It's over. You lost. Learn to accept progress.
The Marion County Republicans' Independence Day parade float had three Confederate flags on it. No,
not that Marion County. This one is in
Iowa.
Pleasantville Republican Owen Golay, who owns the truck with his wife, Linda Golay, told The Des Moines Register that he counts both Union and Confederate soldiers among his ancestors. He said he hoisted the three flags above his truck to make a statement: Confederate soldiers are veterans, too.
"This was my whole point with this whole exercise: to represent a segment of American veterans that are being buried in history, three of which are buried in Marion County," he said.
It's time for Owen Golay to grown up and be a big boy with big boy pants on.
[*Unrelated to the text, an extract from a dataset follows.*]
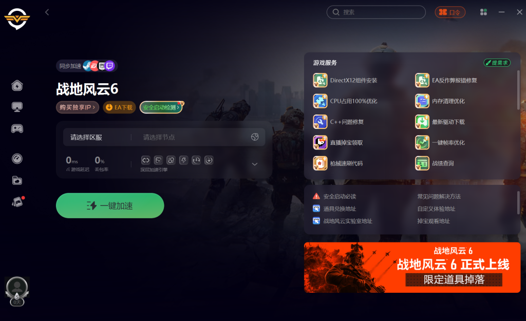第一种解决办法是优化网络环境。联机功能对网络质量要求较高,网络延迟或数据丢包会直接导致匹配、组队失败。建议使用奇游加速器优化网络,该加速器可通过智能线路选择技术,为游戏搭建稳定的联机通道。启动奇游后,选择《战地 6》进行加速,能有效降低游戏数据传输延迟,解决因网络问题引发的匹配超时、组队连接失败或联机中断等情况。

Even Iowa's Republican Party chairman thinks Owen is full of shit:
But Jeff Kaufmann, chairman of the Republican Party of Iowa, doesn't buy it. "He was making a political statement, a statement that was in opposition to what the GOP and the party of Lincoln stands for," Kaufmann said in an interview. "That, to me, doesn't pass muster."
Owen and his lovely wife Linda have since resigned over the fiasco. However, the Marion County Republican co-chairs have really
showed their colors here:
Marion County Republican Co-chairwoman T. Waldmann-Williams said the couple who own the truck, Owen Golay and Linda Golay of Pleasantville, who are members of the Sons of Confederate Veterans organization, have resigned from the party’s central committee.
Waldmann-Williams said she spoke with Owen Golay about the flags because she disagreed with their display on the parade float. But she decided it was within his free speech rights to make a statement, “which is why I did not ask him to take them down.”
Free speech. Yeah. That was your Republican Party's float. Not an "affiliated float." What say you other co-chairfellow, Ed Bull?
Bull said that, “I’m the first person to say everyone is entitled to freedom of speech, but I do think we need to do recognize that flag on one hand demonstrates pride of the individual who believes in it but is a hurtful message to thousands of individuals who equate that with slavery.”
Let's say
hundreds of millions instead of
thousands and you might begin to understand what the hullabaloo is all about. It's the FOURTH OF JULY, not the I'm A Racist Crybaby Day—that day will be reserved for November 9, 2016 (wink).